**Information provided**:
[Start of section]

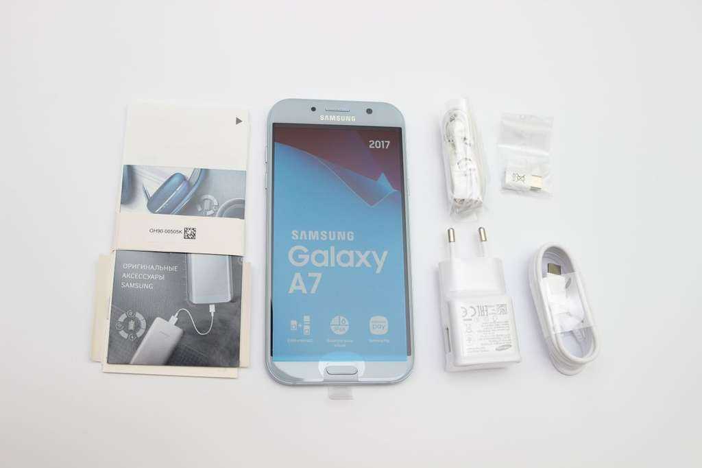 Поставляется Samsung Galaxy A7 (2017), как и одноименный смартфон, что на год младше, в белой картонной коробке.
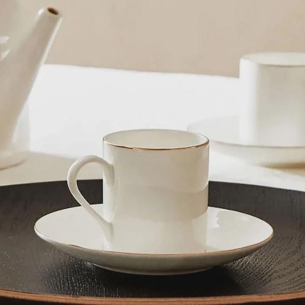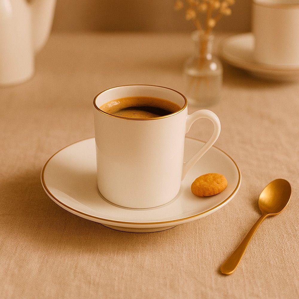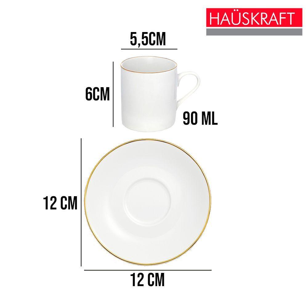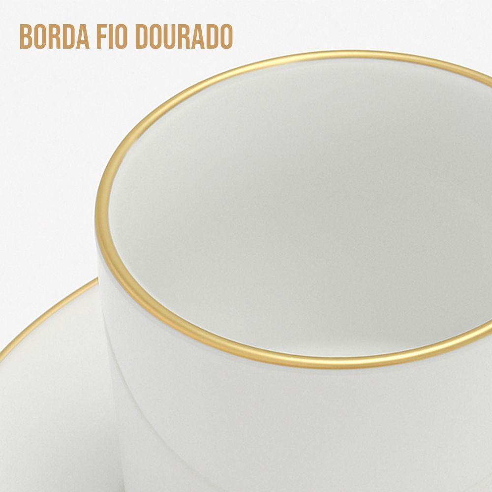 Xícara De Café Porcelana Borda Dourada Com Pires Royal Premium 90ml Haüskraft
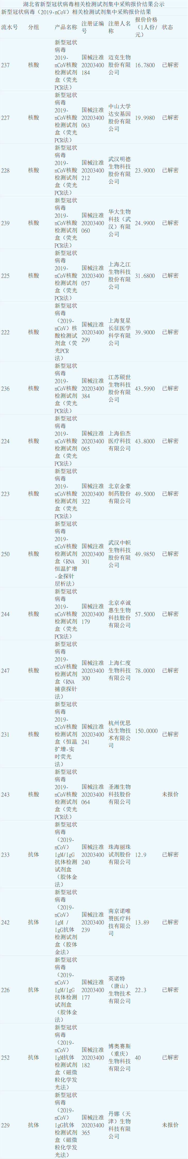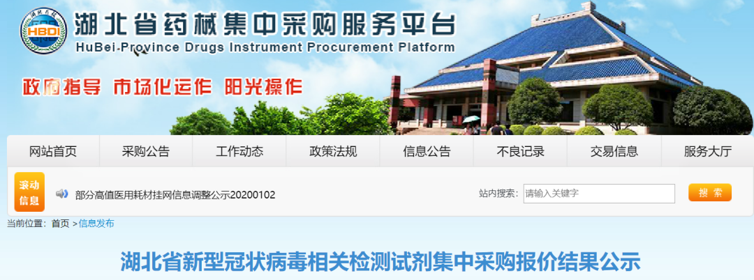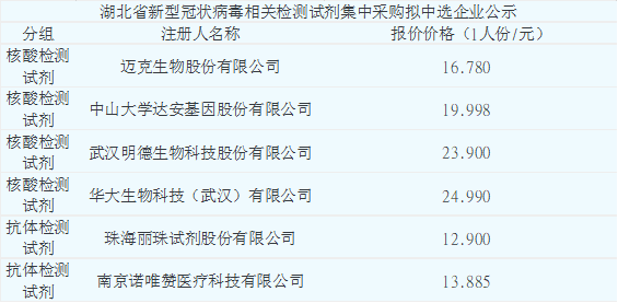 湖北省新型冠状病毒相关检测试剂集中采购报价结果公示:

[End of section]

**About this exercise**: Begin with the line holding "Xícara De Café" and end with the last line of the listing. Reproduce each of those lines exactly, and leave every picture out.

**Task result**:
 Xícara De Café Porcelana Borda Dourada Com Pires Royal Premium 90ml Haüskraft
 湖北省新型冠状病毒相关检测试剂集中采购报价结果公示:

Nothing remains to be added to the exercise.